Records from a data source
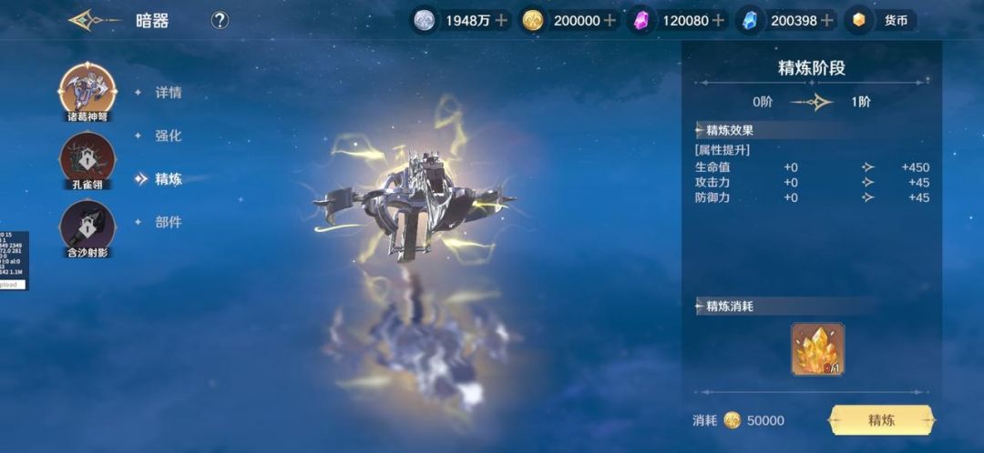 1、「暗器精炼」——可进一步对暗器的属性和技能进行提升。
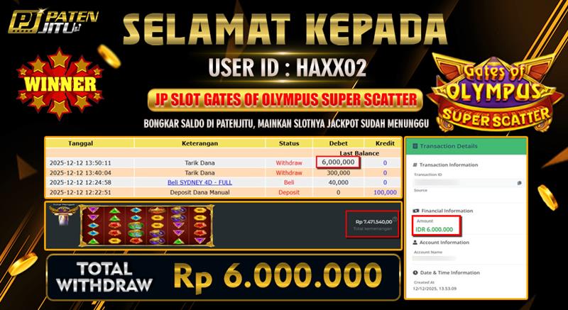 Hadiah telah di WD (Withdraw) oleh player yang bersangkutan Terima kasih untuk member setia kami telah mempercayakan PATENJITU sebagai BO pilihan anda. Post navigation MUDAH JACKPOTNYA PASTI WD NYA DI PATENJITU TERBUKTI GACOR SLOTNYA KEMENANGAN TERASA INDAH KETIKA DI CAPAI DI SITUS PATENJITU GACOR
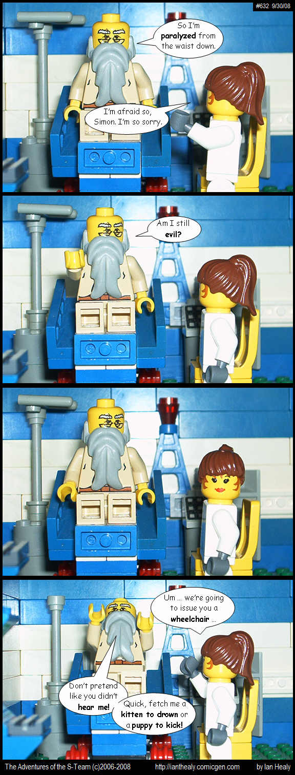The fact is, I just haven't been all that evil recently, and certainly not discriminating. What I have been doing is writing up a storm. In the last 18+ months I have, in no particular order, completed three novels, landed an agent, had said agent retire only days before I was going to fire her anyway, and in turn landed a remarkable pair of agents who are doing their damndest to sell my stuff. I've also refurbished my author website - twice - and relocated my webcomic so everything is now in one easy-to-find package on www.ianthealy.com. It's hands-down the best place to keep track of what I'm doing and to watch the cavalcade of guest stars as they parade through every Saturday (you fellow Ministers are encouraged to submit something should you wish to do so).
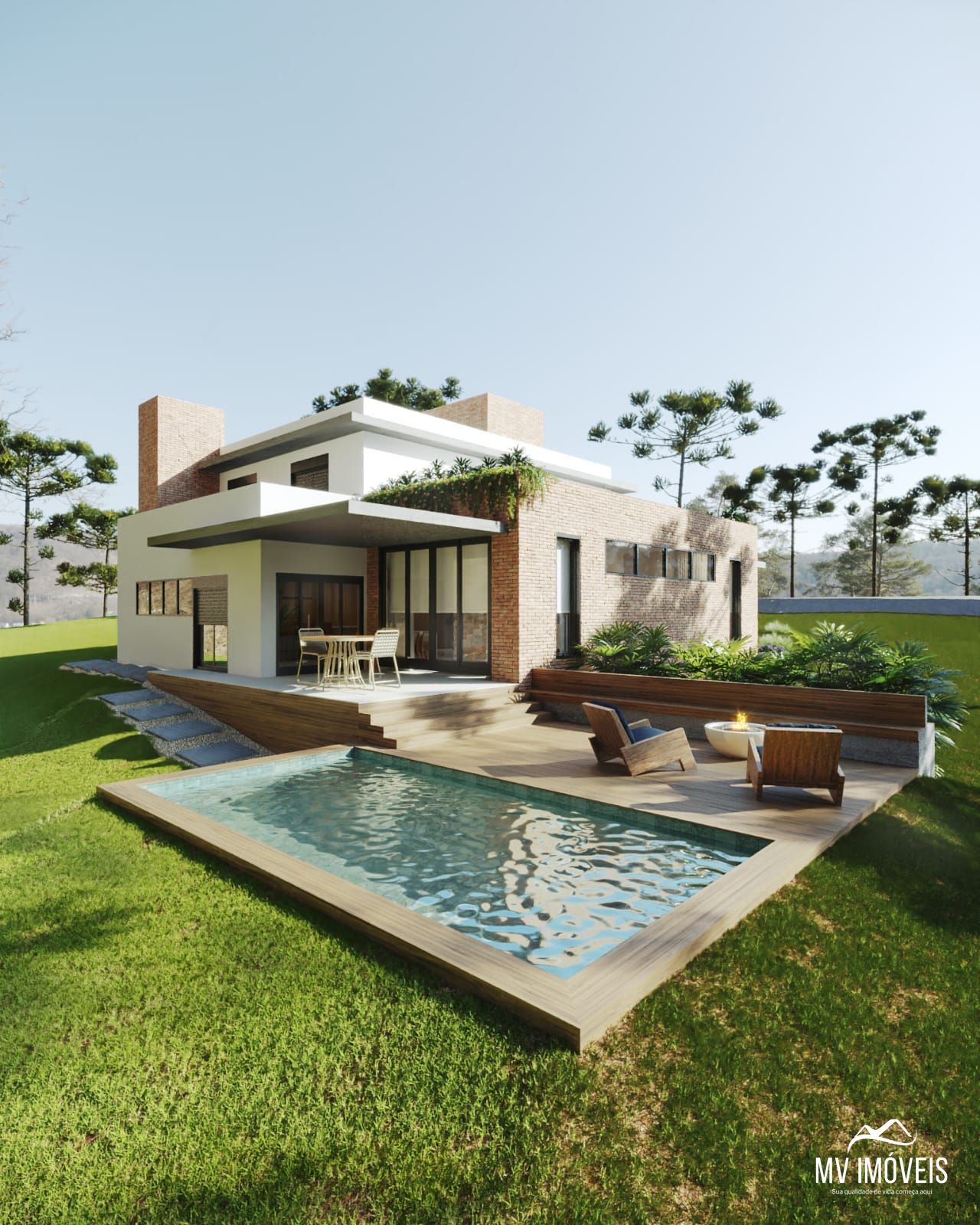 A Casa Araucária, moderna, sofisticada e requinte, ampla com mais 350 metros quadrados privativos distribuídos em 4 Suítes, living de dois ambientes com cozinha gourmet integrada.
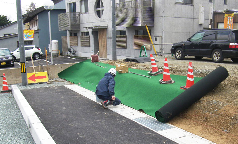 ①本工事は、松江市大庭町地内の、道路改良工事であり、主な工種はアスファルト舗装工です。
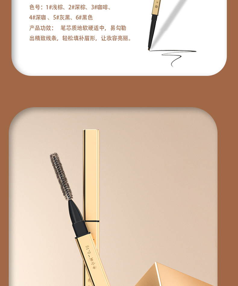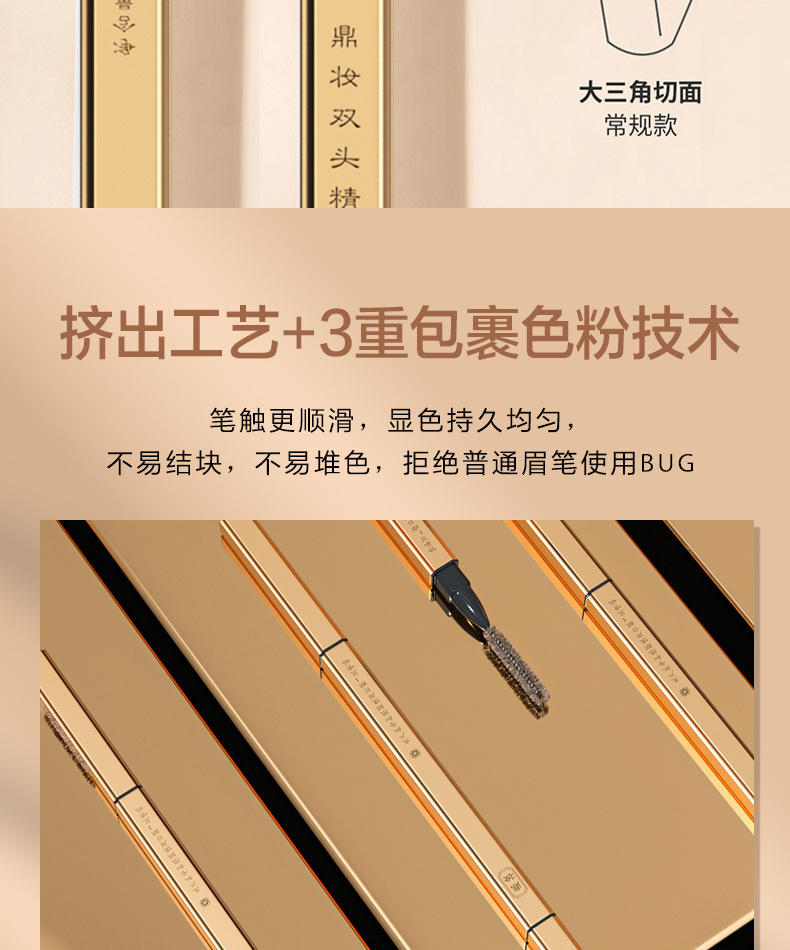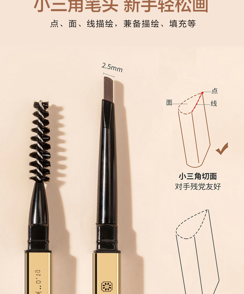 彩妆自然塑形砍刀眉笔易上色立体根根分明防水不脱妆双头眉笔

● Prompt
Reproduce exactly, and only, the lines that begin at the one containing "①本工事は、松江市大庭町地内" and end with the final line of the data, both included, while omitting every picture.

● Reply to the exercise
 ①本工事は、松江市大庭町地内の、道路改良工事であり、主な工種はアスファルト舗装工です。
 彩妆自然塑形砍刀眉笔易上色立体根根分明防水不脱妆双头眉笔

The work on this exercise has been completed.